===== Supplied entries =====

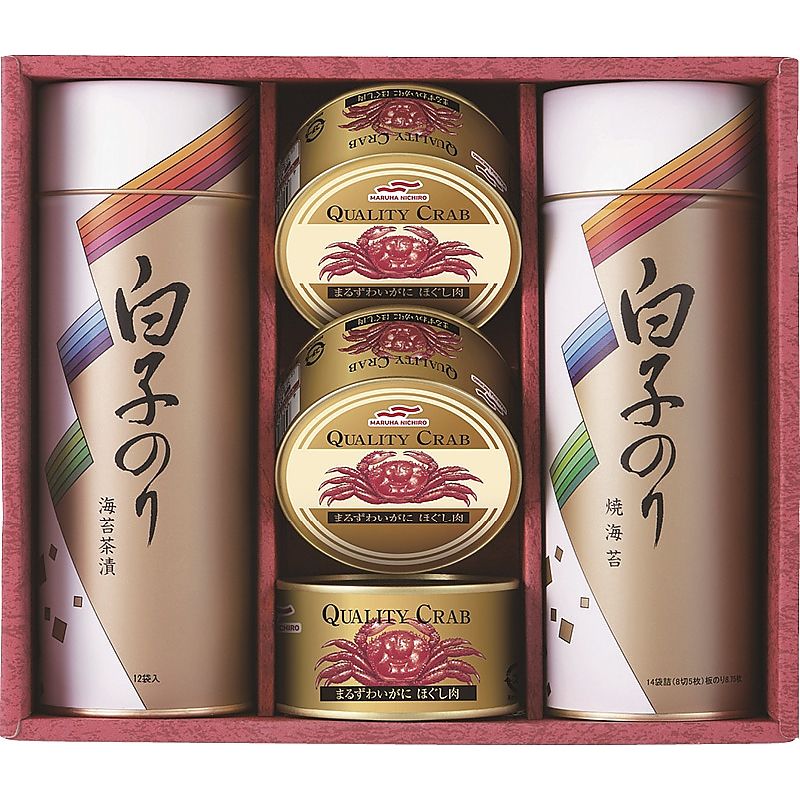- 商品内容:セット内容/まるずわいがにほぐし肉(110g)×3、焼のり14袋詰(8切5枚)・のり茶漬け(12袋)×各1 箱サイズ/23.5×27.5×9cm 箱入重量/1.47kg 賞味期限/常温3年 アレルゲン/乳・小麦・かに
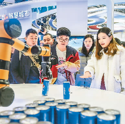 在北京市举行的2019世界5G大会上,参观者正控制机械臂抓取饮料,体验“隔空取物”。 新华社记者 彭子洋摄
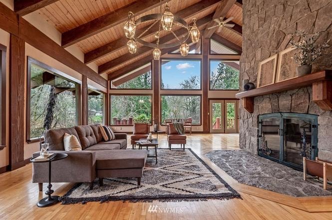 Welcome to Kalama Riverside Lodge — a modern-rustic riverfront retreat set on 2 private acres with direct access to the Kalama River. This 4-bedroom, 2-bath home sleeps up to 11 and features heated floors, a fully equipped kitchen, a game room, and an upstairs lounge. Enjoy river views from the living room, soak in the hot tub, or gather around the fire pit for a perfect evening outdoors. Ideal for family getaways, fishing trips, and group stays.
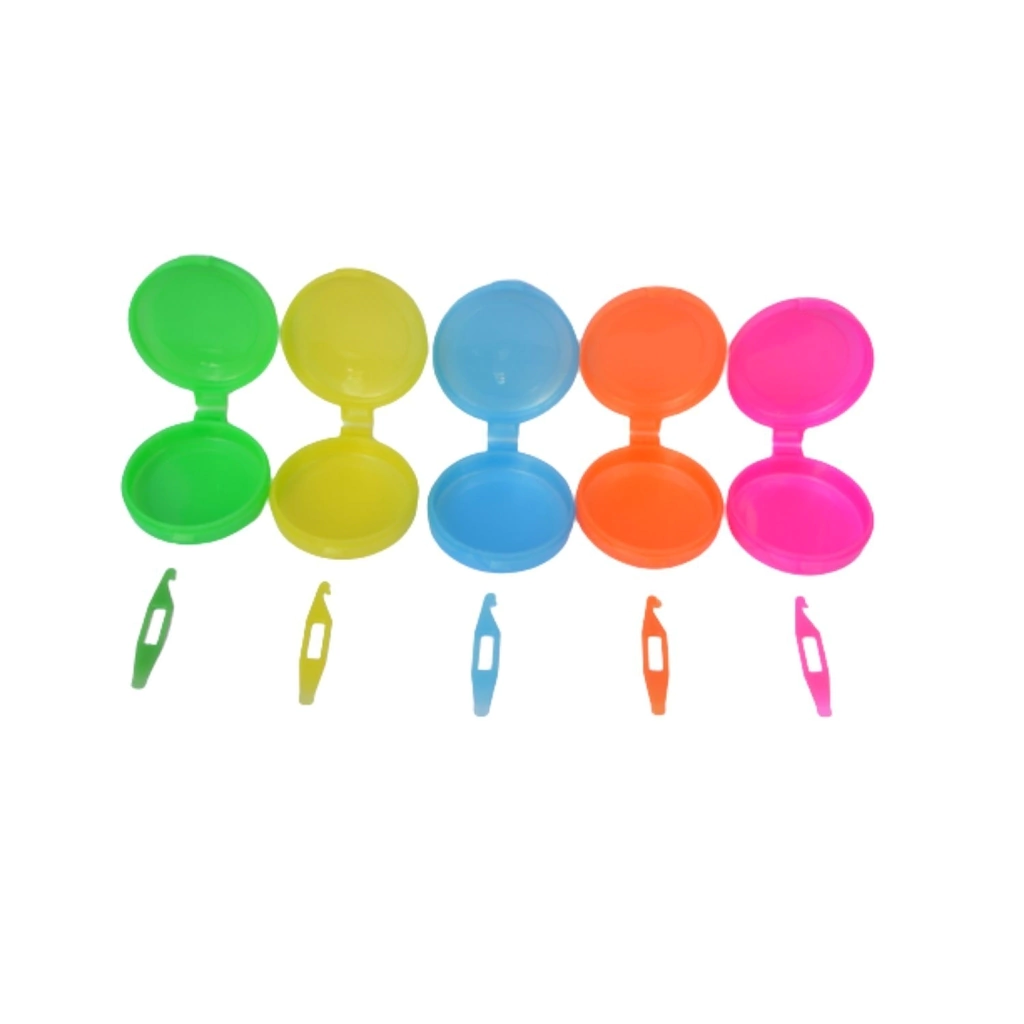 Produto acompanha uma caixa redonda plástica para elástico intrabucal e um gancho para a remoção e inserção de elástico intrabucal.
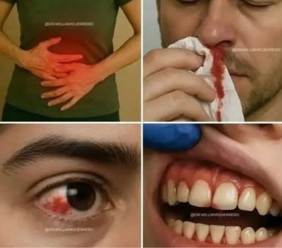 Symptoms like those illustrated in the image—though common—should not be ignored if they persist or worsen. Abdominal pain, nosebleeds, red eyes, and bleeding gums may indicate conditions ranging from mild to serious. The key is to monitor symptoms carefully and consult qualified healthcare professionals rather than rely on speculation or misinformation.

=====

◆ **What you will do**
None of the pictures belong in the copy; repeat all other material exactly.

◆ **Response**
- 商品内容:セット内容/まるずわいがにほぐし肉(110g)×3、焼のり14袋詰(8切5枚)・のり茶漬け(12袋)×各1 箱サイズ/23.5×27.5×9cm 箱入重量/1.47kg 賞味期限/常温3年 アレルゲン/乳・小麦・かに
 在北京市举行的2019世界5G大会上,参观者正控制机械臂抓取饮料,体验“隔空取物”。 新华社记者 彭子洋摄
 Welcome to Kalama Riverside Lodge — a modern-rustic riverfront retreat set on 2 private acres with direct access to the Kalama River. This 4-bedroom, 2-bath home sleeps up to 11 and features heated floors, a fully equipped kitchen, a game room, and an upstairs lounge. Enjoy river views from the living room, soak in the hot tub, or gather around the fire pit for a perfect evening outdoors. Ideal for family getaways, fishing trips, and group stays.
 Produto acompanha uma caixa redonda plástica para elástico intrabucal e um gancho para a remoção e inserção de elástico intrabucal.
 Symptoms like those illustrated in the image—though common—should not be ignored if they persist or worsen. Abdominal pain, nosebleeds, red eyes, and bleeding gums may indicate conditions ranging from mild to serious. The key is to monitor symptoms carefully and consult qualified healthcare professionals rather than rely on speculation or misinformation.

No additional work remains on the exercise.